• To do: All the data that follows should be repeated exactly, without a single picture.

• Data records:
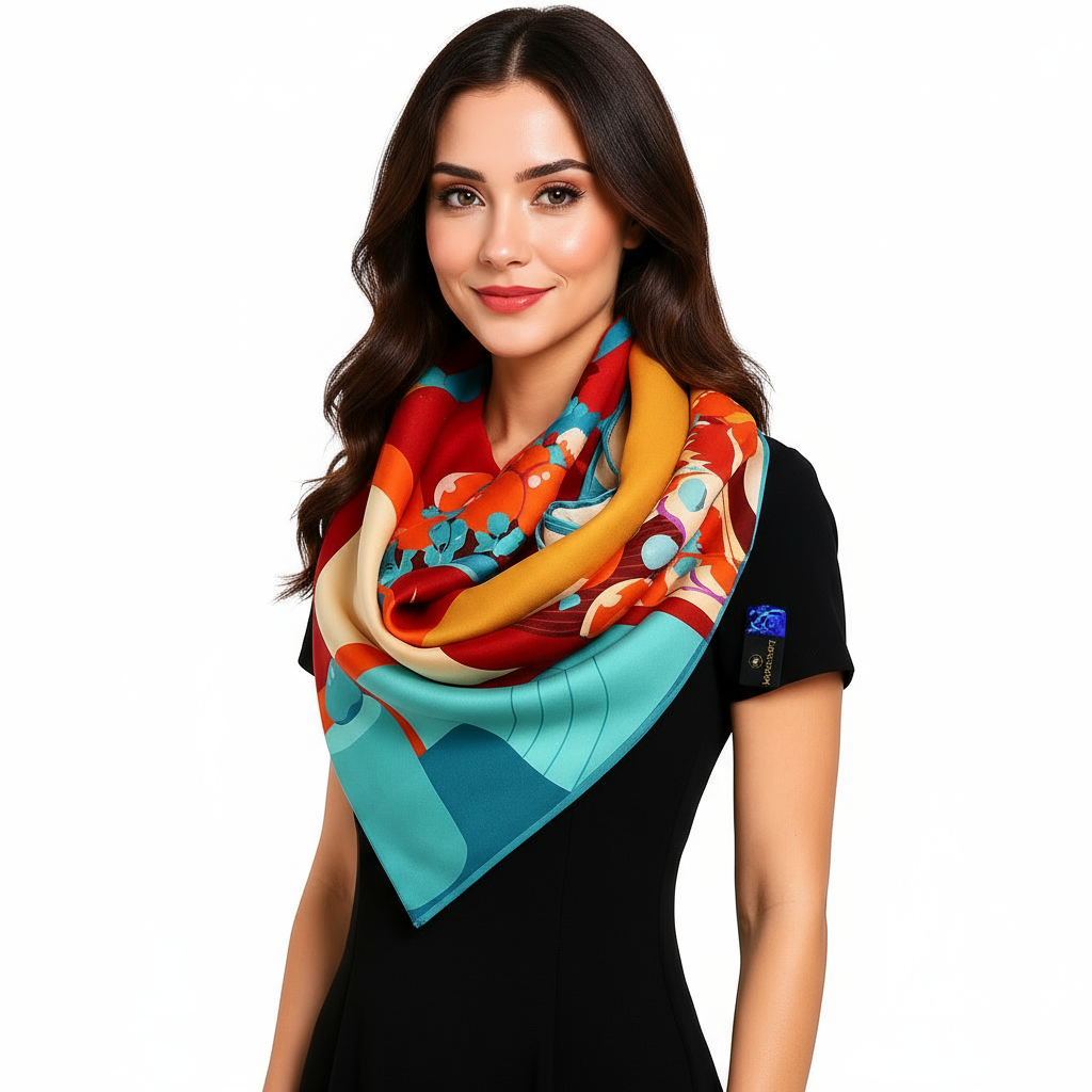 Markowa Chusta Apaszka jedwabna. Jedwab naturalny 100%. Bez syntetyków i szkodliwych dodatków. Znakomita jakość tkanin jak i wykonania.
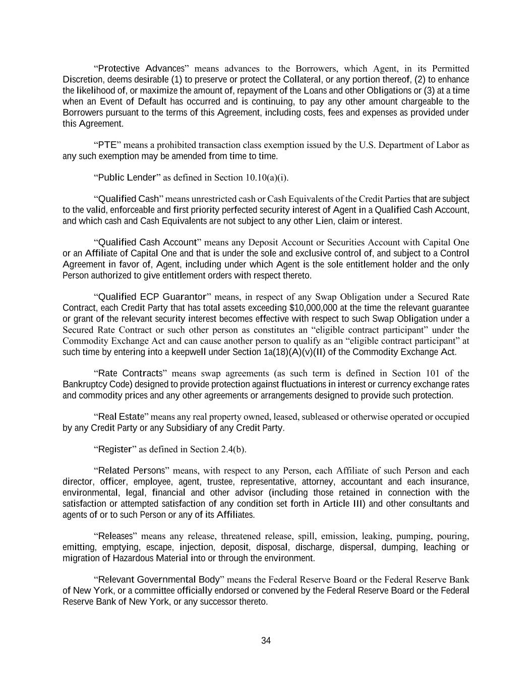 34 “Protective Advances” means advances to the Borrowers, which Agent, in its Permitted Discretion, deems desirable (1) to preserve or protect the Collateral, or any portion thereof, (2) to enhance the likelihood of, or maximize the amount of, repayment of the Loans and other Obligations or (3) at a time when an Event of Default has occurred and is continuing, to pay any other amount chargeable to the Borrowers pursuant to the terms of this Agreement, including costs, fees and expenses as provided under this Agreement. “PTE” means a prohibited transaction class exemption issued by the U.S. Department of Labor as any such exemption may be amended from time to time. “Public Lender” as defined in Section 10.10(a)(i). “Qualified Cash” means unrestricted cash or Cash Equivalents of the Credit Parties that are subject to the valid, enforceable and first priority perfected security interest of Agent in a Qualified Cash Account, and which cash and Cash Equivalents are not subject to any other Lien, claim or interest. “Qualified Cash Account” means any Deposit Account or Securities Account with Capital One or an Affiliate of Capital One and that is under the sole and exclusive control of, and subject to a Control Agreement in favor of, Agent, including under which Agent is the sole entitlement holder and the only Person authorized to give entitlement orders with respect thereto. “Qualified ECP Guarantor” means, in respect of any Swap Obligation under a Secured Rate Contract, each Credit Party that has total assets exceeding $10,000,000 at the time the relevant guarantee or grant of the relevant security interest becomes effective with respect to such Swap Obligation under a Secured Rate Contract or such other person as constitutes an “eligible contract participant” under the Commodity Exchange Act and can cause another person to qualify as an “eligible contract participant” at such time by entering into a keepwell under Section 1a(18)(A)(v)(II) of the Commodity Exchange Act. “Rate Contracts” means swap agreements (as such term is defined in Section 101 of the Bankruptcy Code) designed to provide protection against fluctuations in interest or currency exchange rates and commodity prices and any other agreements or arrangements designed to provide such protection. “Real Estate” means any real property owned, leased, subleased or otherwise operated or occupied by any Credit Party or any Subsidiary of any Credit Party. “Register” as defined in Section 2.4(b). “Related Persons” means, with respect to any Person, each Affiliate of such Person and each director, officer, employee, agent, trustee, representative, attorney, accountant and each insurance, environmental, legal, financial and other advisor (including those retained in connection with the satisfaction or attempted satisfaction of any condition set forth in Article III) and other consultants and agents of or to such Person or any of its Affiliates. “Releases” means any release, threatened release, spill, emission, leaking, pumping, pouring, emitting, emptying, escape, injection, deposit, disposal, discharge, dispersal, dumping, leaching or migration of Hazardous Material into or through the environment. “Relevant Governmental Body” means the Federal Reserve Board or the Federal Reserve Bank of New York, or a committee officially endorsed or convened by the Federal Reserve Board or the Federal Reserve Bank of New York, or any successor thereto.
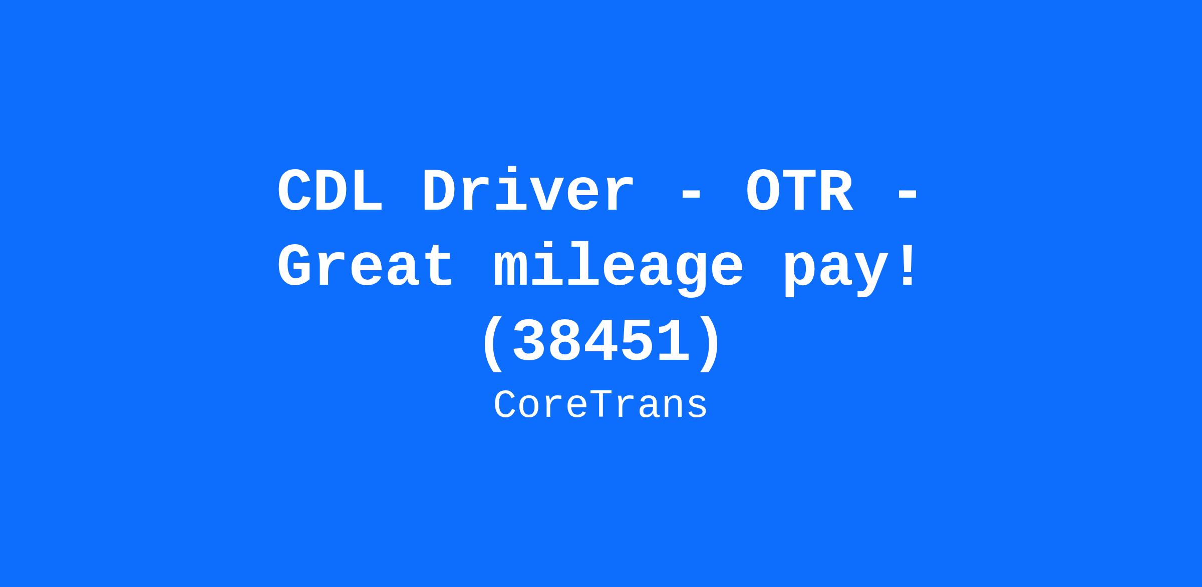 CDL Driver - OTR - Great mileage pay! (38451)
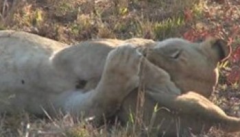 شاهد.. ماذا تفعل أنثى الأسد مع شبلها لتبدأ يومها
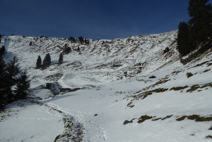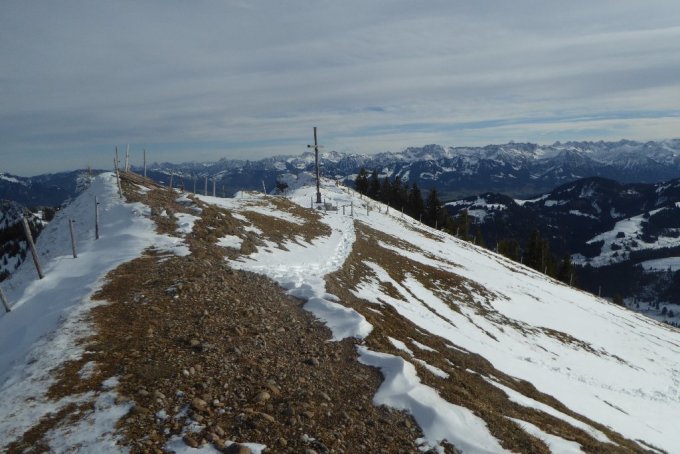 Die ganze (Ski)Pracht ist in den Allg.Voralpen wieder hinüber. Zu Fuß zur Zeit keine großen Probleme, natürlich muß man mal kurz in Verwehungen ordentlich Spuren. Lästig war nur der Wind oben am Grat zu den Gipfeln. Für die Skifreaks ist zur Zeit noch nicht all zuviel zu holen. Ausser man sucht höher gelegene Regionen auf.
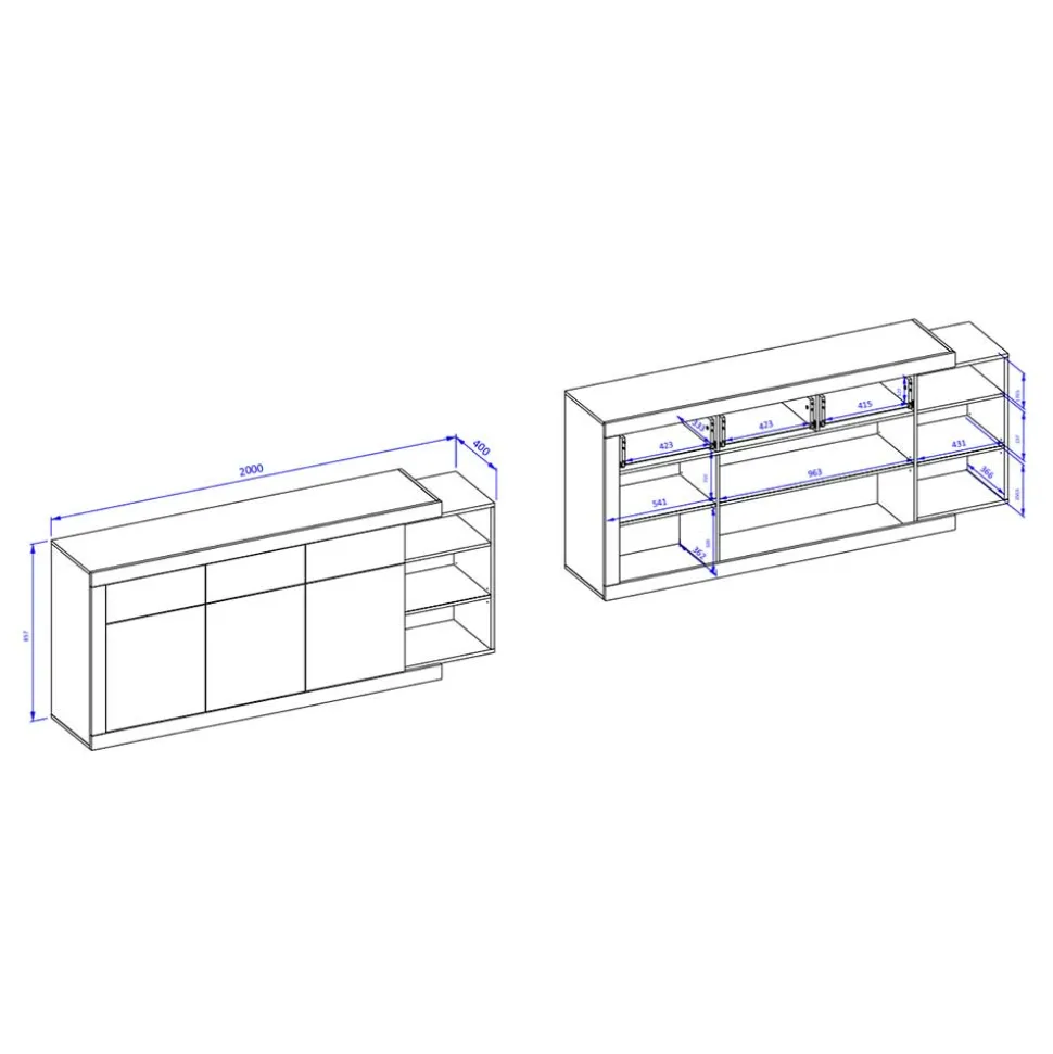 Ein echtes Highlight sind die drei offenen Fächer an der Seite – in schwebender Anmutung gestaltet, bieten sie den perfekten Platz für dekorative Elemente, Lieblingsbücher oder Designobjekte. Sie bringen Leichtigkeit ins Gesamtbild und laden zur individuellen Gestaltung ein. So wird Milvara nicht nur zum funktionalen Möbelstück, sondern zum Ausdruck Ihrer Persönlichkeit.

• Result of this exercise:
 Markowa Chusta Apaszka jedwabna. Jedwab naturalny 100%. Bez syntetyków i szkodliwych dodatków. Znakomita jakość tkanin jak i wykonania.
 34 “Protective Advances” means advances to the Borrowers, which Agent, in its Permitted Discretion, deems desirable (1) to preserve or protect the Collateral, or any portion thereof, (2) to enhance the likelihood of, or maximize the amount of, repayment of the Loans and other Obligations or (3) at a time when an Event of Default has occurred and is continuing, to pay any other amount chargeable to the Borrowers pursuant to the terms of this Agreement, including costs, fees and expenses as provided under this Agreement. “PTE” means a prohibited transaction class exemption issued by the U.S. Department of Labor as any such exemption may be amended from time to time. “Public Lender” as defined in Section 10.10(a)(i). “Qualified Cash” means unrestricted cash or Cash Equivalents of the Credit Parties that are subject to the valid, enforceable and first priority perfected security interest of Agent in a Qualified Cash Account, and which cash and Cash Equivalents are not subject to any other Lien, claim or interest. “Qualified Cash Account” means any Deposit Account or Securities Account with Capital One or an Affiliate of Capital One and that is under the sole and exclusive control of, and subject to a Control Agreement in favor of, Agent, including under which Agent is the sole entitlement holder and the only Person authorized to give entitlement orders with respect thereto. “Qualified ECP Guarantor” means, in respect of any Swap Obligation under a Secured Rate Contract, each Credit Party that has total assets exceeding $10,000,000 at the time the relevant guarantee or grant of the relevant security interest becomes effective with respect to such Swap Obligation under a Secured Rate Contract or such other person as constitutes an “eligible contract participant” under the Commodity Exchange Act and can cause another person to qualify as an “eligible contract participant” at such time by entering into a keepwell under Section 1a(18)(A)(v)(II) of the Commodity Exchange Act. “Rate Contracts” means swap agreements (as such term is defined in Section 101 of the Bankruptcy Code) designed to provide protection against fluctuations in interest or currency exchange rates and commodity prices and any other agreements or arrangements designed to provide such protection. “Real Estate” means any real property owned, leased, subleased or otherwise operated or occupied by any Credit Party or any Subsidiary of any Credit Party. “Register” as defined in Section 2.4(b). “Related Persons” means, with respect to any Person, each Affiliate of such Person and each director, officer, employee, agent, trustee, representative, attorney, accountant and each insurance, environmental, legal, financial and other advisor (including those retained in connection with the satisfaction or attempted satisfaction of any condition set forth in Article III) and other consultants and agents of or to such Person or any of its Affiliates. “Releases” means any release, threatened release, spill, emission, leaking, pumping, pouring, emitting, emptying, escape, injection, deposit, disposal, discharge, dispersal, dumping, leaching or migration of Hazardous Material into or through the environment. “Relevant Governmental Body” means the Federal Reserve Board or the Federal Reserve Bank of New York, or a committee officially endorsed or convened by the Federal Reserve Board or the Federal Reserve Bank of New York, or any successor thereto.
 CDL Driver - OTR - Great mileage pay! (38451)
 شاهد.. ماذا تفعل أنثى الأسد مع شبلها لتبدأ يومها
 Die ganze (Ski)Pracht ist in den Allg.Voralpen wieder hinüber. Zu Fuß zur Zeit keine großen Probleme, natürlich muß man mal kurz in Verwehungen ordentlich Spuren. Lästig war nur der Wind oben am Grat zu den Gipfeln. Für die Skifreaks ist zur Zeit noch nicht all zuviel zu holen. Ausser man sucht höher gelegene Regionen auf.
 Ein echtes Highlight sind die drei offenen Fächer an der Seite – in schwebender Anmutung gestaltet, bieten sie den perfekten Platz für dekorative Elemente, Lieblingsbücher oder Designobjekte. Sie bringen Leichtigkeit ins Gesamtbild und laden zur individuellen Gestaltung ein. So wird Milvara nicht nur zum funktionalen Möbelstück, sondern zum Ausdruck Ihrer Persönlichkeit.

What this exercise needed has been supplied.